Leaving out all pictures, return exactly the lines from the one that contains "但随着故事的进展,才逐渐知道" through the end of the data below.

### [Given data]
....................

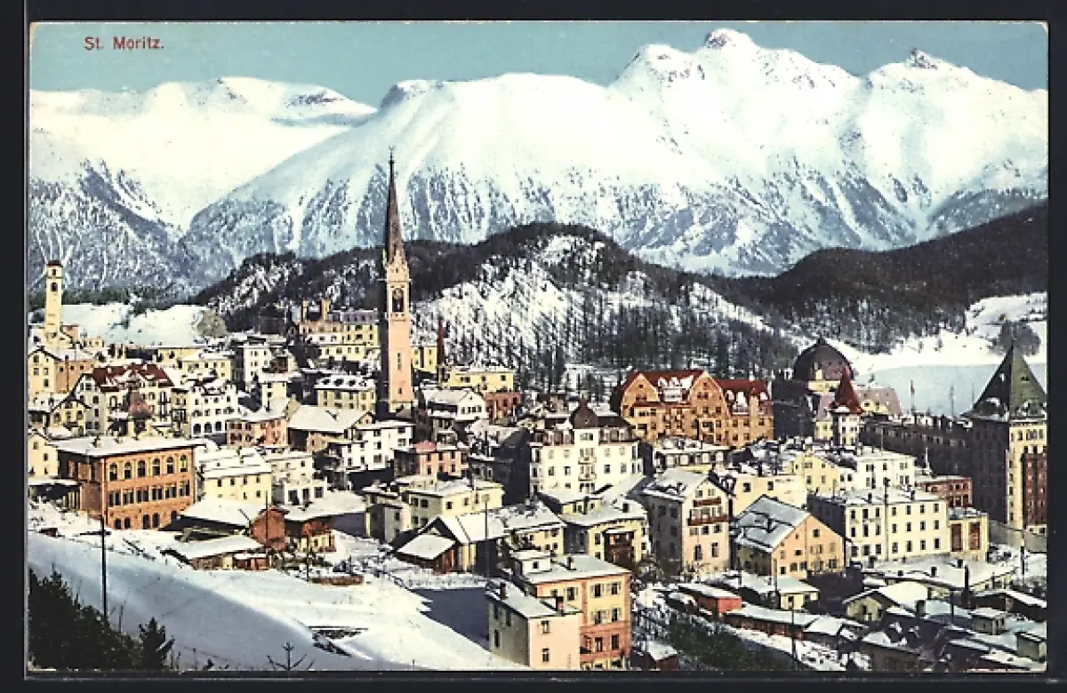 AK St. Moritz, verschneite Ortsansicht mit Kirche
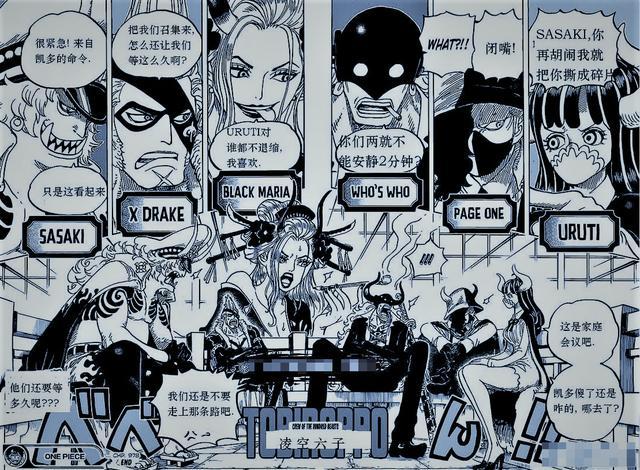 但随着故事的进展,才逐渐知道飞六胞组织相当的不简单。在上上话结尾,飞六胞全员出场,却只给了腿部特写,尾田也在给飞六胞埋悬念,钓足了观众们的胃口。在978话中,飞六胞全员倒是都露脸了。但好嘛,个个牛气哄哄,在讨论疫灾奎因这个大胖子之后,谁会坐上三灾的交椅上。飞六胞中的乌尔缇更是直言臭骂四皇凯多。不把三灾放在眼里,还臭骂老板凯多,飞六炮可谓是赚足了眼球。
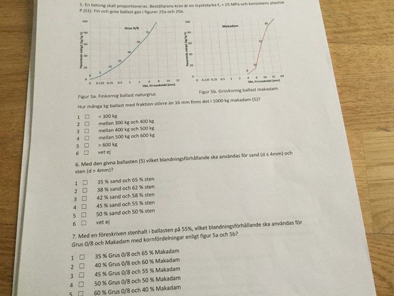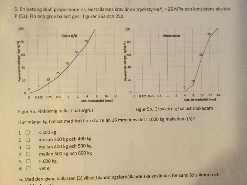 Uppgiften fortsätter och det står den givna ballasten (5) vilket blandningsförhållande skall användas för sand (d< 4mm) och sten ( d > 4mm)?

....................

### [Output]
 但随着故事的进展,才逐渐知道飞六胞组织相当的不简单。在上上话结尾,飞六胞全员出场,却只给了腿部特写,尾田也在给飞六胞埋悬念,钓足了观众们的胃口。在978话中,飞六胞全员倒是都露脸了。但好嘛,个个牛气哄哄,在讨论疫灾奎因这个大胖子之后,谁会坐上三灾的交椅上。飞六胞中的乌尔缇更是直言臭骂四皇凯多。不把三灾放在眼里,还臭骂老板凯多,飞六炮可谓是赚足了眼球。
 Uppgiften fortsätter och det står den givna ballasten (5) vilket blandningsförhållande skall användas för sand (d< 4mm) och sten ( d > 4mm)?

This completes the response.